Recorded data

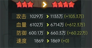 5、当达到一颗皇冠后,每提升一个星级,武将的攻击、防御、血量等属性会增加15%。从一颗皇冠提升至四颗皇冠时,属性提升倍数为1×115%×115%×115% = 1.52倍。此外,拥有四颗皇冠的武将能够觉醒前两个技能,即主动技能与第一个被动技能。
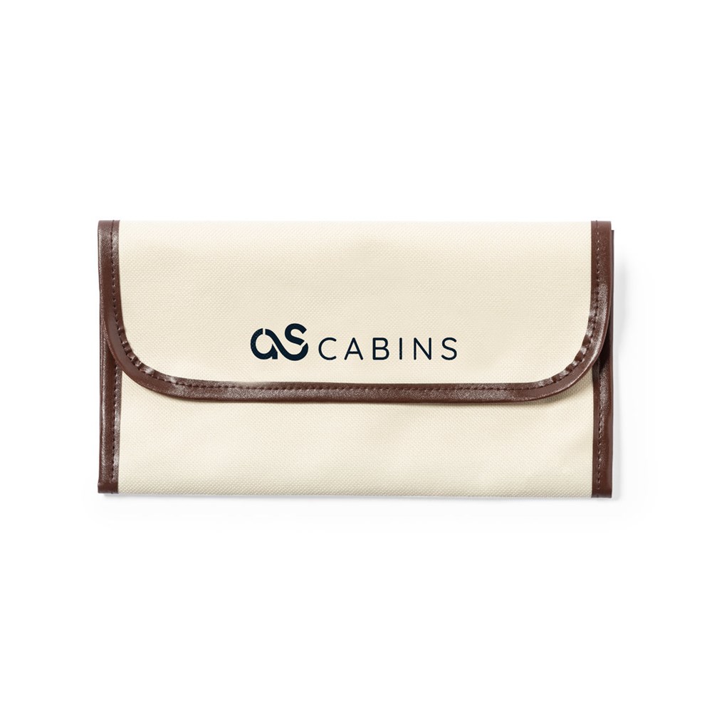 Reisdocumentenhouder van duurzaam 600D in naturel finish, met bruine PU lederen bies en verstevigingen. Flap met klittenbandsluiting en meerdere binnenvakken.
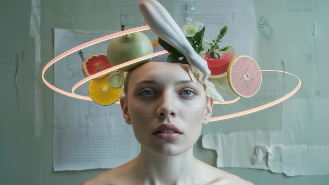 Futuristic Citrus Hat with Neon Circle and Surreal Aesthetics Video
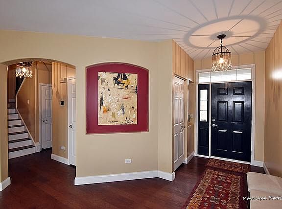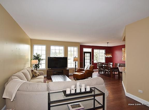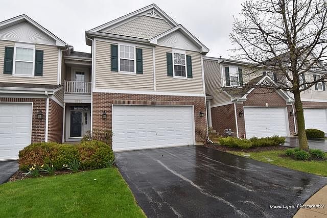 Spacious Dunhill model boasts a private deck with water views. This model is designed for easy entertaining with open 1st floor plan, wide plank low maintenance wood laminate flooring, 9' ceilings and upscale light fixtures.. Let the party flow right out to your 16'x22' maintenance free Trex deck with great views of the water. Cooking will be a joy in this kitchen - SS appliances, granite counters, glass tile back splash, and painted cabinets. HUGE master bedroom has vaulted ceilings, spacious sitting area with lots of windows overlooking pond; attached master bath. 10' ceilings on 2nd floor with 2 more bedrooms plus bonus flex room could be loft/office/den with balcony access. Finished basement with work room and plenty of storage. Walking distance to the Geneva Commons. Neighborhood amenities include parks, walking paths, and ponds. Home is within the highly rated Geneva school system. Enjoy a maintenance free lifestyle without compromising space in this wonderful home.
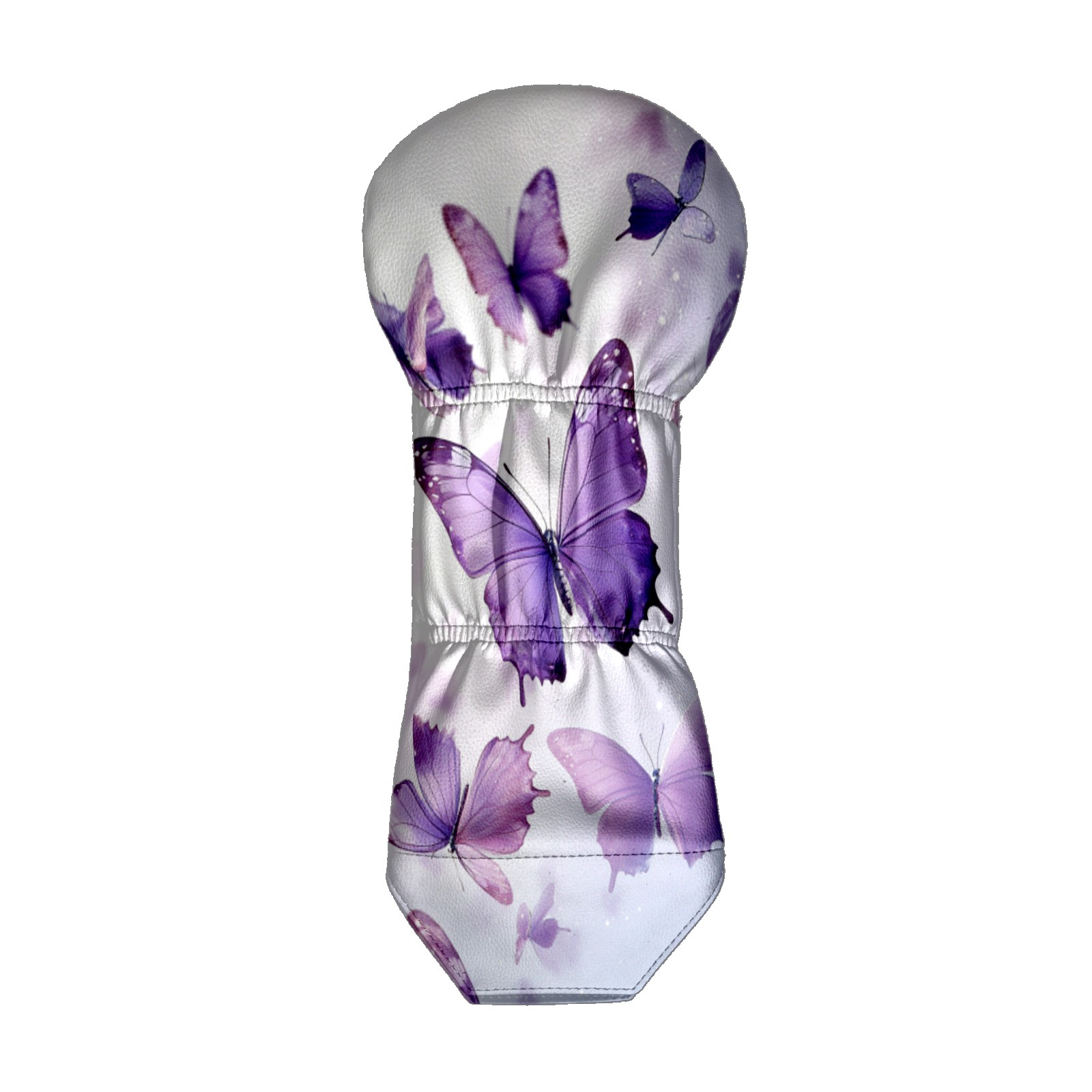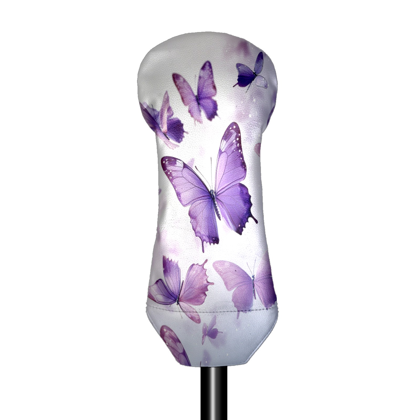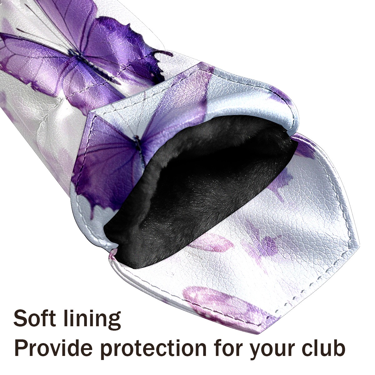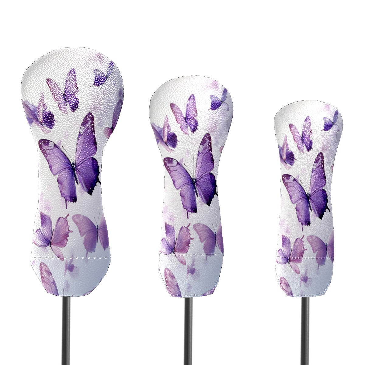 3 Pack PU Leather Golf Club Head Covers - Driver, Fairway Wood & Hybrid, Funny Golf Accessories, Ideal Golf Gift Purple Butterfly Pattern
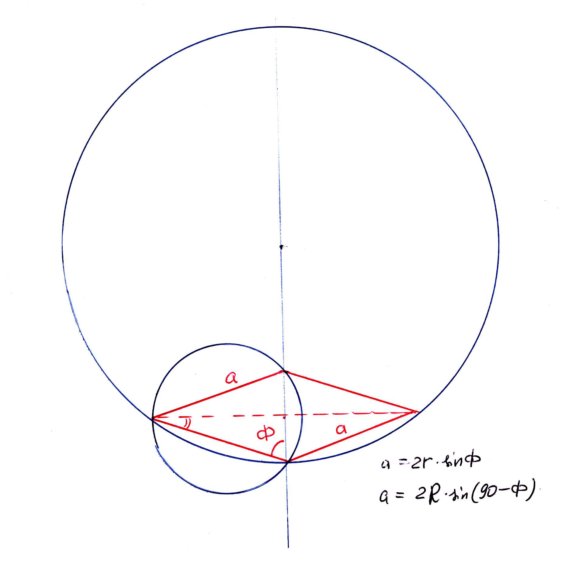 a = 2*r*sin(Ф); sin(Ф) = a/(2*r);
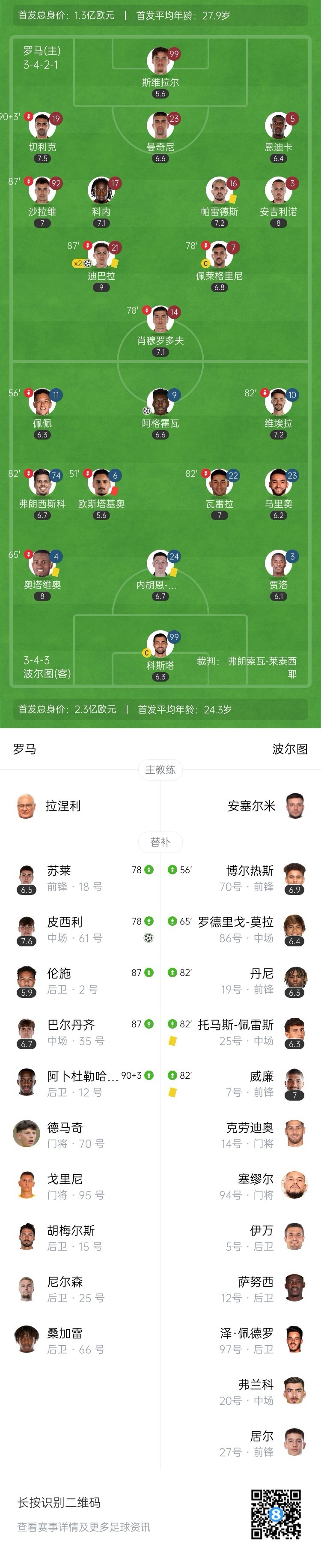 全场比赛结束,罗马主场3-2逆转十人波尔图,总比分罗马4-3淘汰波尔图晋级。
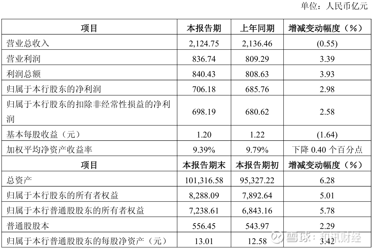 截至2025年末,本行不良贷款率1.15%,比上年末下降0.01个百分点;拨备覆盖率203.61%,比上年末下降5.82个百分点。截至2025年末,本行资产总额101,316.58亿元,比上年末增长6.28%;归属于本行普通股股东的所有者权益7,238.61亿元,比上年末增长5.78%。
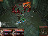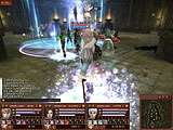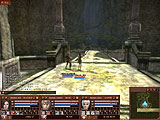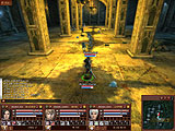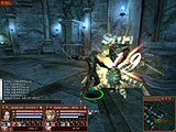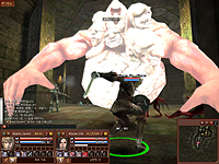 GEは比較的マップの見通しが良く,キャラクターに対してカメラ位置をかなり"引ける"ため,移動に関するストレスは少なめだ。もちろんこれには,Path Findingエンジン(自動経路選択エンジン)も大きく貢献しており,開けたフィールドでは遠くの移動ポイントをクリックしておいて他人とチャットしたり一服するぐらいのことはできる。 一方屋内(今回試せたのはダンジョン)など,前後左右に壁のあるようなシチュエーションでは,キャラクターの視認性を高めるためにキャラクター移動とカメラ操作を同時に行う必要がある。そしてここに,3Dゲーム特有のストレスがあった。 これは屋内マップのすべての場所にいえることではないが,キャラクターとカメラの間に"透けない壁"があるのがストレスの大きな原因で,四角い部屋の隅っこで戦闘を行う場合などはやや煩雑な操作となるうえ,スキル使用やモンスターターゲットなどの行動がワンテンポ遅れてしまう印象だ。もちろんこれは3Dゲームでは比較的ポピュラーな問題(?)で"気にしなければ気にならない"のだが,GEの場合はAIによって複数のキャラクターがある程度自立して行動するため,弊害が顕著に出てしまっている。ここはぜひ改善を求めたいところである。
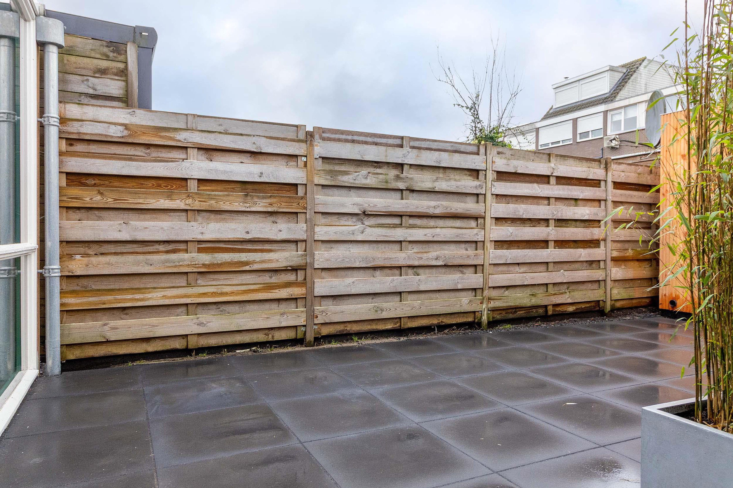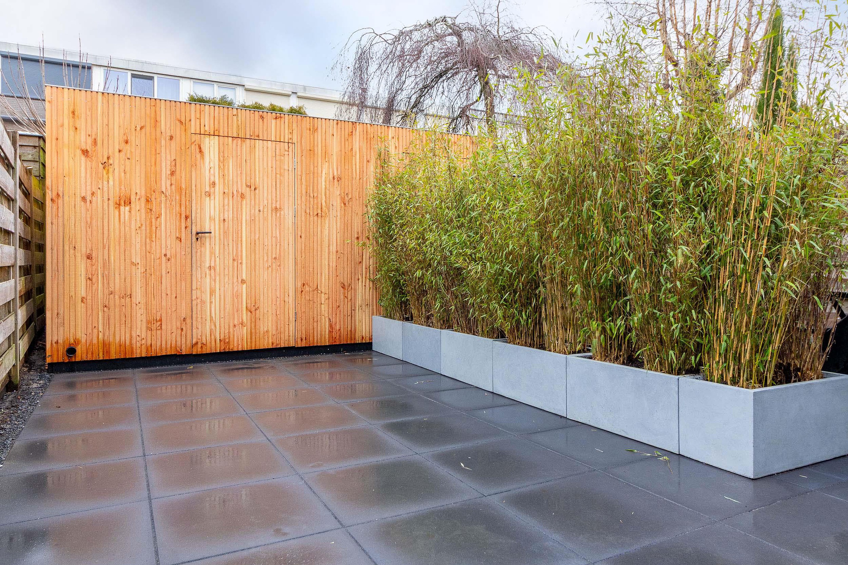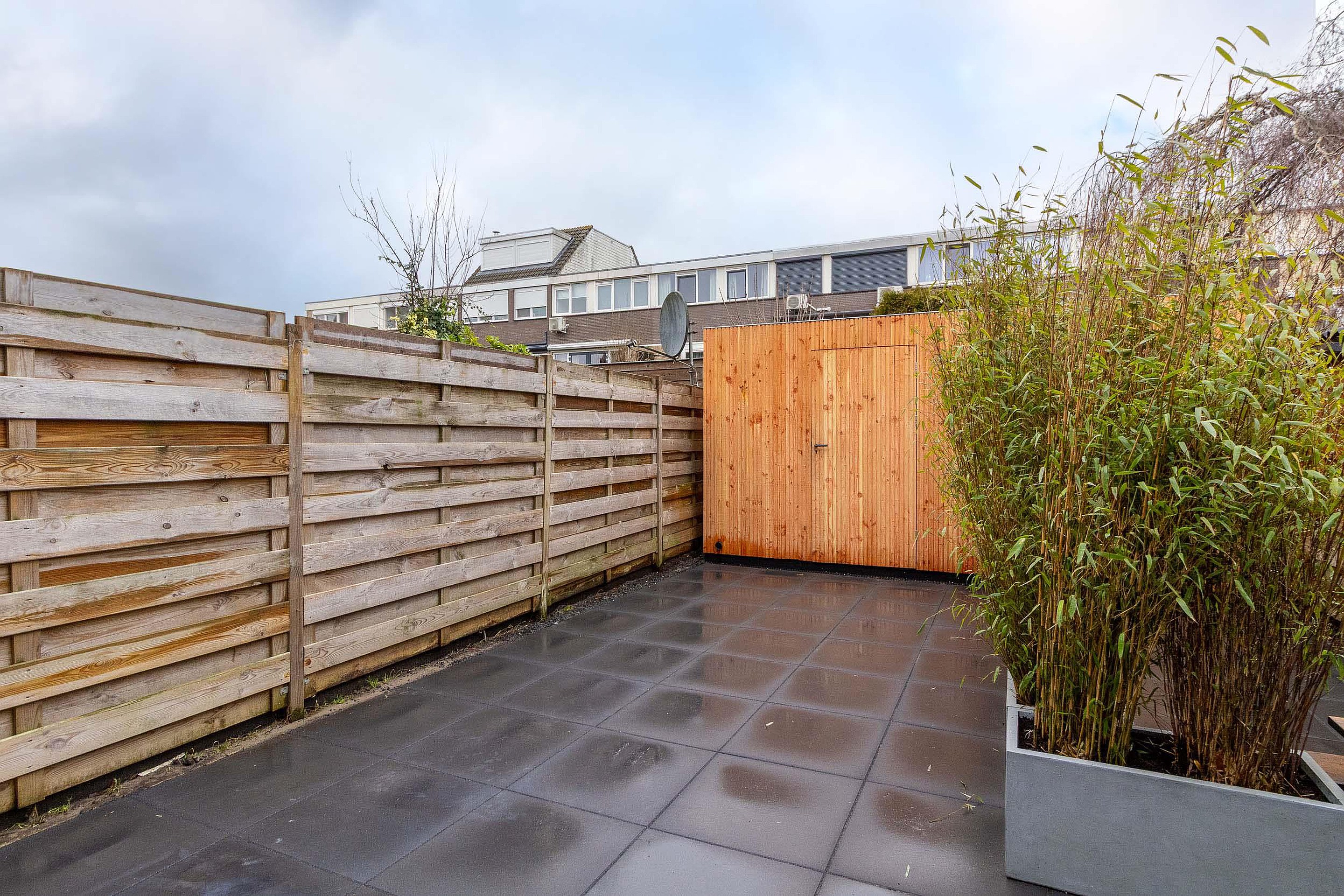 Tuin De onderhoudsvriendelijke tuin is volledig bestraat en biedt volop ruimte om heerlijk buiten te zitten. Achterin de tuin bevindt zich een praktische berging, ideaal voor extra opslag. De tuin is omsloten door houten schuttingen en voorzien van plantenbakken met bamboe, die zorgen voor een groene uitstraling en extra privacy ten opzichte van het pad van de bovenburen.

Aim of the task -
Extract the part of the records that opens with the line containing "3 Pack PU Leather" and closes with the line containing "截至2025年末,本行不良贷". Take only those lines, exactly, and no pictures.

The answer -
 3 Pack PU Leather Golf Club Head Covers - Driver, Fairway Wood & Hybrid, Funny Golf Accessories, Ideal Golf Gift Purple Butterfly Pattern
 a = 2*r*sin(Ф); sin(Ф) = a/(2*r);
 全场比赛结束,罗马主场3-2逆转十人波尔图,总比分罗马4-3淘汰波尔图晋级。
 截至2025年末,本行不良贷款率1.15%,比上年末下降0.01个百分点;拨备覆盖率203.61%,比上年末下降5.82个百分点。截至2025年末,本行资产总额101,316.58亿元,比上年末增长6.28%;归属于本行普通股股东的所有者权益7,238.61亿元,比上年末增长5.78%。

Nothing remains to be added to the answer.